- The Burning Bug made XMR in a Monero account unspendable
- An attacker would have been able to burn the funds in any organization’s wallet quite easily
- Burning Bug present no direct monetary gains to attackers but there may be indirect benefits
The ‘Burning Bug’, a Monero (XMR) vulnerability that makes it possible for bad actors to completely burn out tokens in the wallets of merchants, crypto exchanges and ordinary users, by simply sending multiple transactions to a particular stealth address, has now been fixed by the Monero community, according to an announcement by Monero developers
The Burning Bug Monero (XMR) Hole Fixed
Per the blog post by developers, the bug would have made it possible for a determined attacker to make the coins in a Monero wallet spendable only once, after which the remaining funds will become unspendable by the owner of the account.
The post explained that while the situation could cause significant damage to the owner of the wallet, the loophole made it quite easy for such an attack to be carried out by a rogue actor, as it would only cost him a small transaction fee.
How Hackers Exploit the Burning Bug
According to the post, for an enemy to exploit the bug and carry out an attack, they would first create a random private transaction key and alter the code to ensure it’s only the random private key that’s used in executing the transaction. This way, multiple transactions will be sent to a single stealth address.
Then the attacker simply sends multiple transactions to the address. In the case of exchanges, the attacker could then expect to have their account credited with all the tokens they sent, allowing them to trade for a different currency and quickly withdraw.

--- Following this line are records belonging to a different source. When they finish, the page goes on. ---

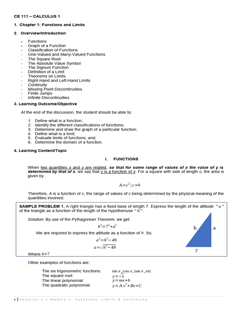 Diff - Calc - Module-1-Functions Limits Continuity | PDF | Function ...
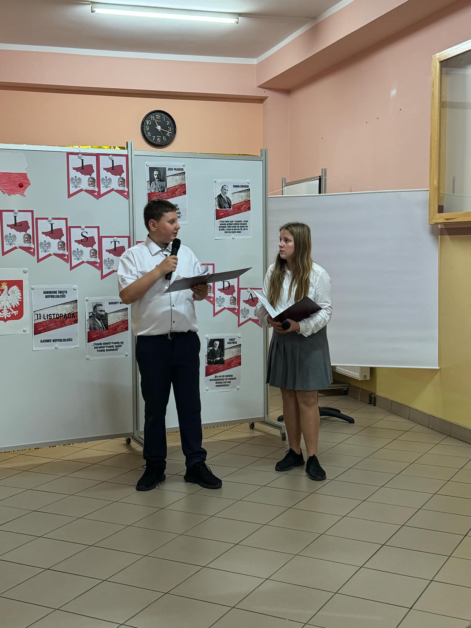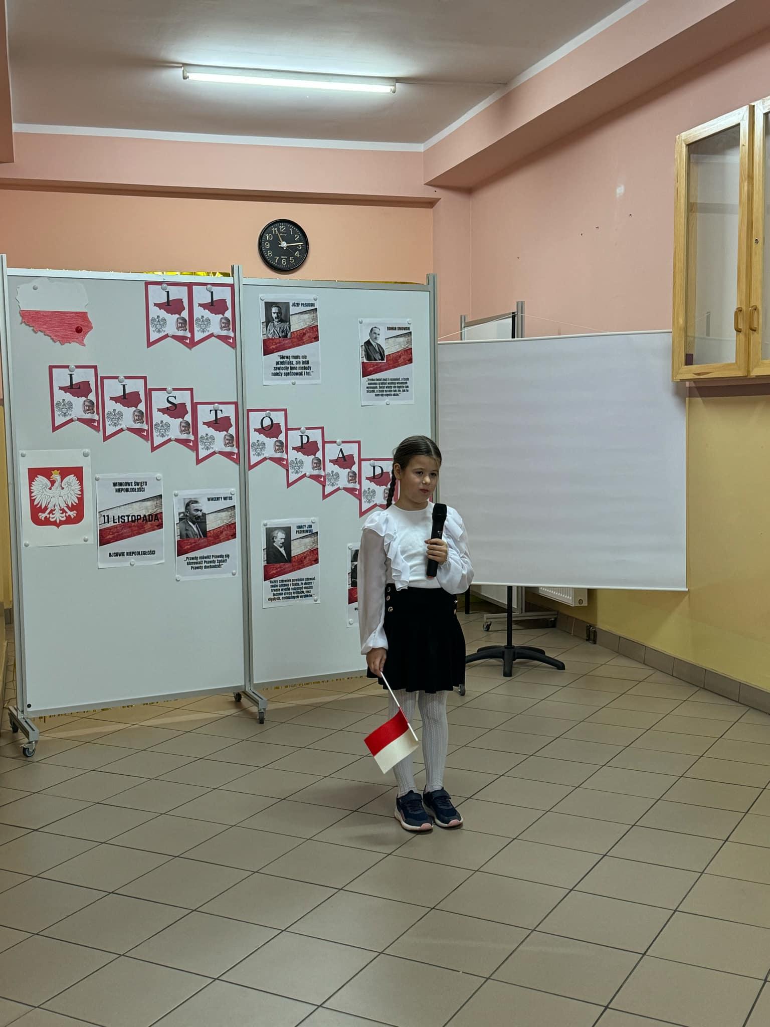 Dnia 8 listopada uczniowie klasy VI zaprezentowali uroczystą akademię z okazji Narodowego Święta Niepodległości. Wydarzenie to miało na celu przypomnienie uczniom i nauczycielom o trudnej drodze, jaką Polska przeszła, by odzyskać wolność po 123 latach zaborów. Program artystyczny składał się z poruszających wierszy i pieśni patriotycznych, takich jak „Mazurek Dąbrowskiego” czy „Rota”. Młodzi artyści wcielili się w postaci historyczne, przedstawiając wydarzenia z czasów rozbiorów i walki o niepodległość. Dekoracje w barwach narodowych oraz symbole patriotyczne, takie jak biało-czerwone flagi, godło i portret Józefa Piłsudskiego, stworzyły odpowiedni nastrój do refleksji nad historią naszej ojczyzny. Akademia była nie tylko okazją do uczczenia pamięci bohaterów, którzy oddali życie za wolność Polski, ale także do wspólnego przeżywania dumy z bycia Polakami. Było to wydarzenie, które na długo pozostanie w pamięci społeczności szkolnej, przypominając o wartości wolności i patriotyzmu.
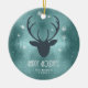 Deer Antlers Silhouette & Snowflakes Teal ID861 Ceramic Tree Decoration
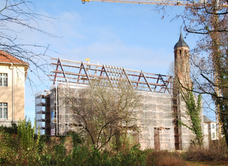 „Jetzt wird der Baufortschritt an der St. Johanniskirche jeden Tag deutlicher und es zeigt sich, wie wichtig die Entscheidung zur Wiederherstellung der historischen Dachform war.“ freut sich der Beigeordnete Michael Brandt.
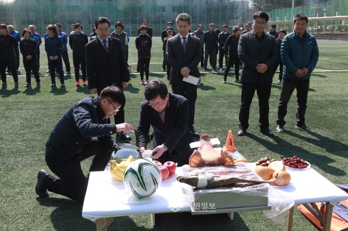 경기 수원시 권선구 여성축구단은 지난 15일 수원산업단지내 솔대축구장에서 창단 15주년을 기념하는 단배식을 열었다. 사진은 박흥수 구청장(가운데)과 관계자들이 선수단의 무사고와 건승을 기원하는 제례를 지내는 모습.(사진제공=권선구청)
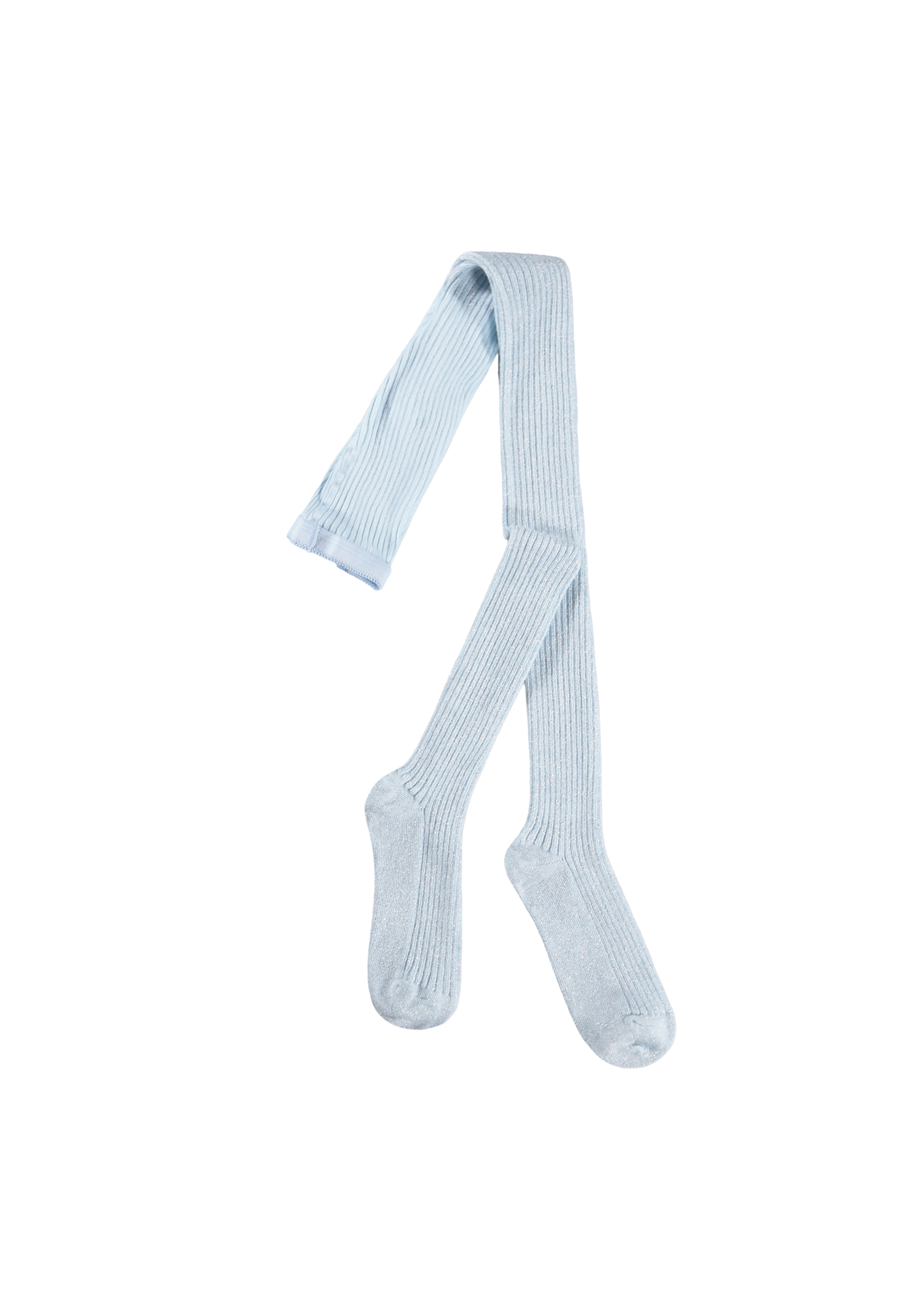 Finstickade ribbade strumpbyxor i ljusblått med glitter i bomull. De har resår i midjan för att säkerställa en bekväm passform.
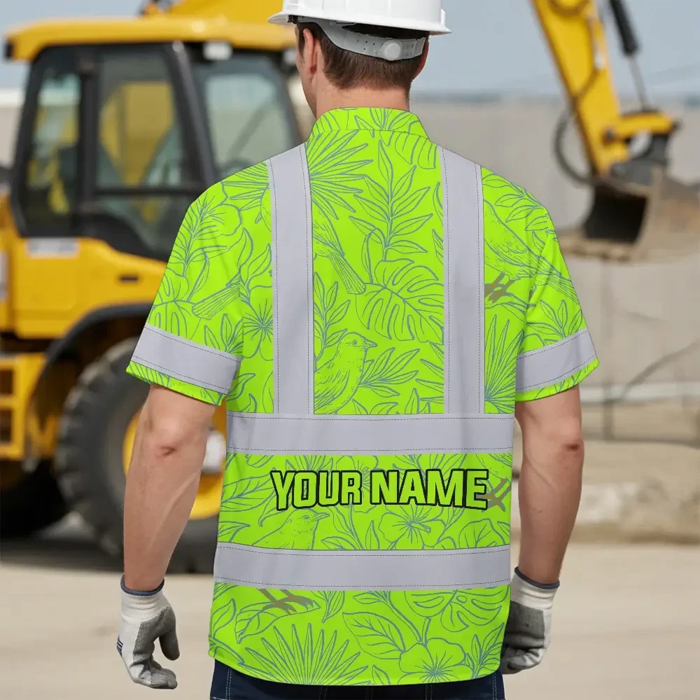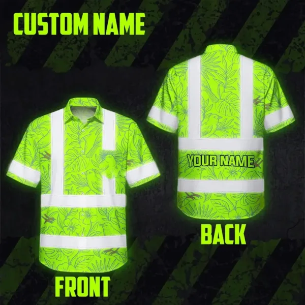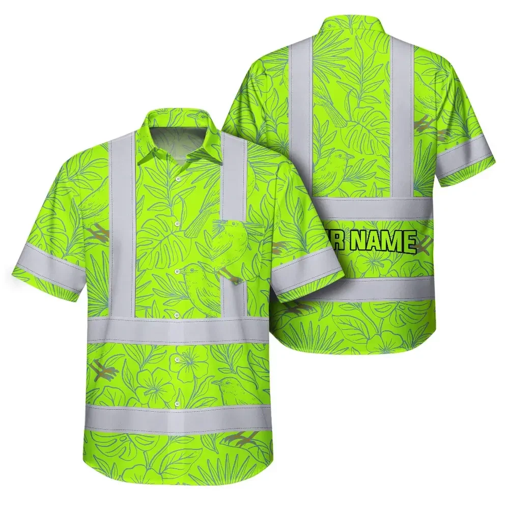 Hi Vis Hawaiian Shirt Reflective Tapes Green Grey Flowers Custom Name Safety Workwear For Workers, Truckers, Operators
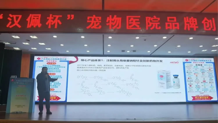 漢佩生物CTO何東賢在“大灣區(qū)小動物醫(yī)師大會”介紹漢佩生物的新獸藥
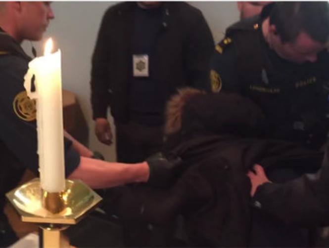 Icelandic police were captured on video dragging two asylum seekers from a church at midnight.
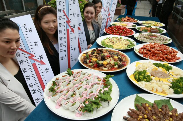 지구 온난화 해결을 위한 'Save Our Earth Conference2009'가 26일 서울 강남구 센트럴시티 밀레니엄홀에서 열렸다.여성들이 채식요리와 함께 가상온도계를 보여주고 있다.
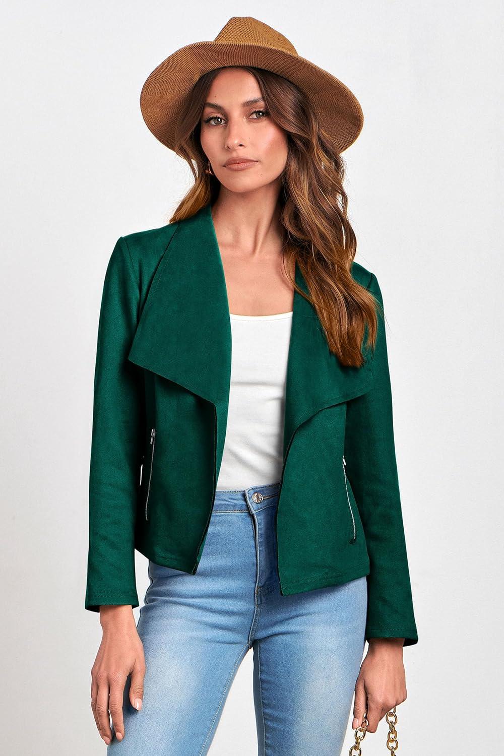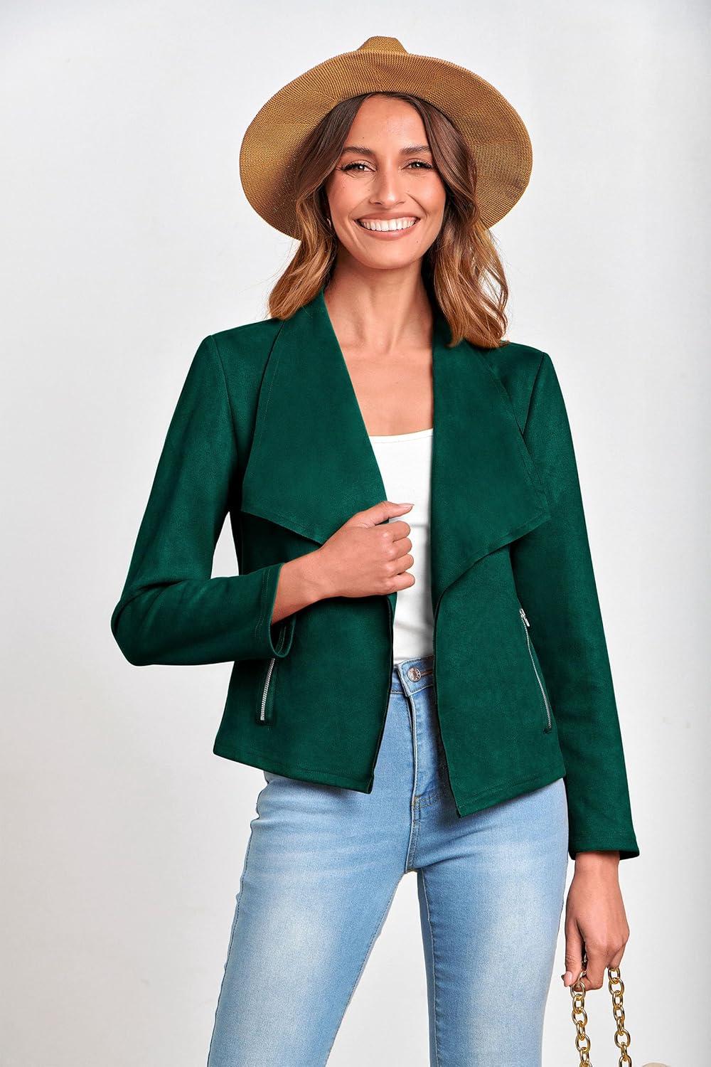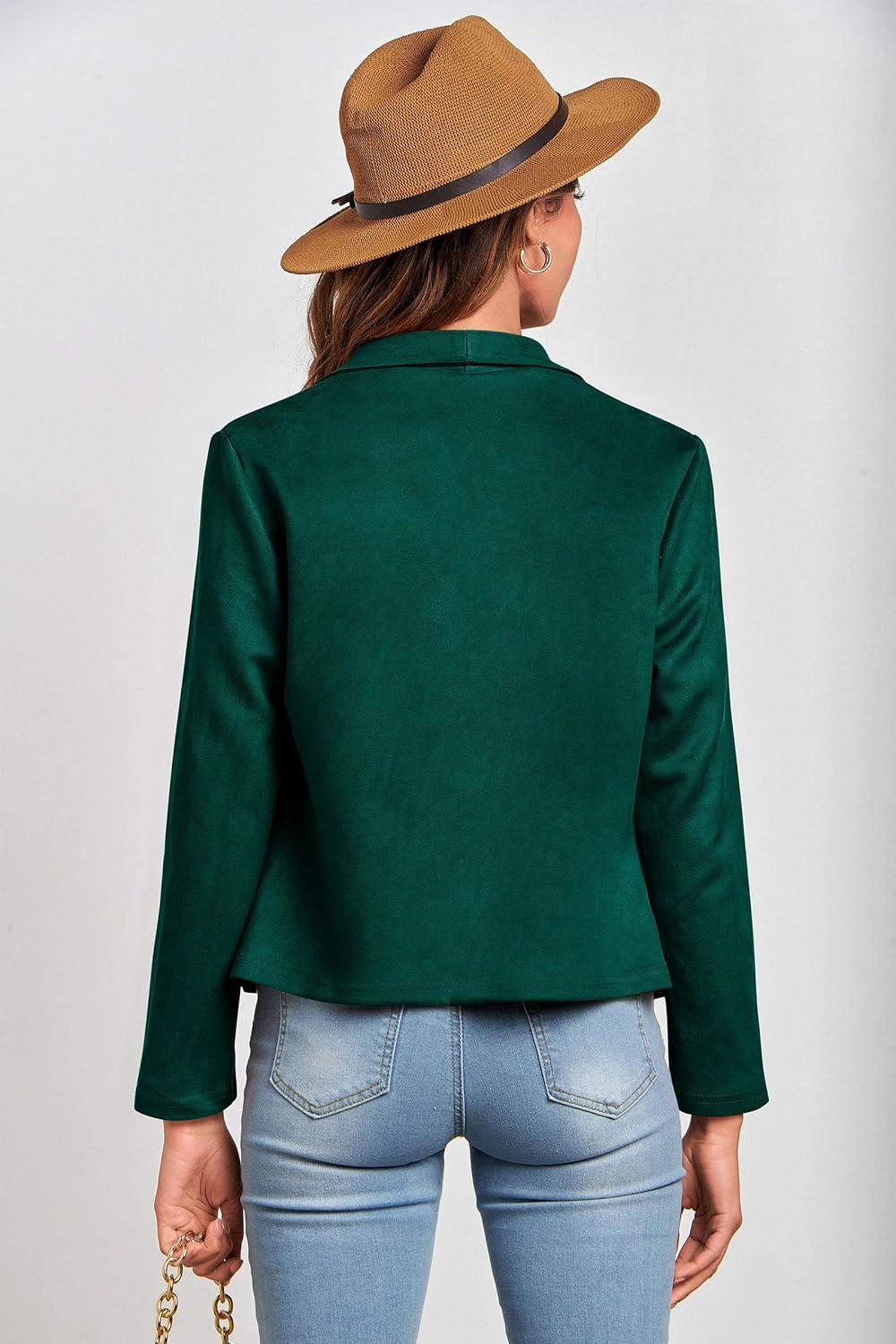 PRETTYGARDEN Women's Faux Suede Jackets 2025 Fashion Fall Clothes Long Sleeve Open Front Cropped Coat Outwear(Dark Green)

The exchange however would be unable to touch the tokens from all but one of the many transactions. Effectively, this would have allowed an attacker to destroy money for the exchange.
Monero developers quickly took to their official Twitter handle to notify users that the bug has now been successfully patched.
At the time of writing, the price of XMR sits at $116, with a market cap of $1.92 billion, making XMR the tenth largest project in crypto – for now.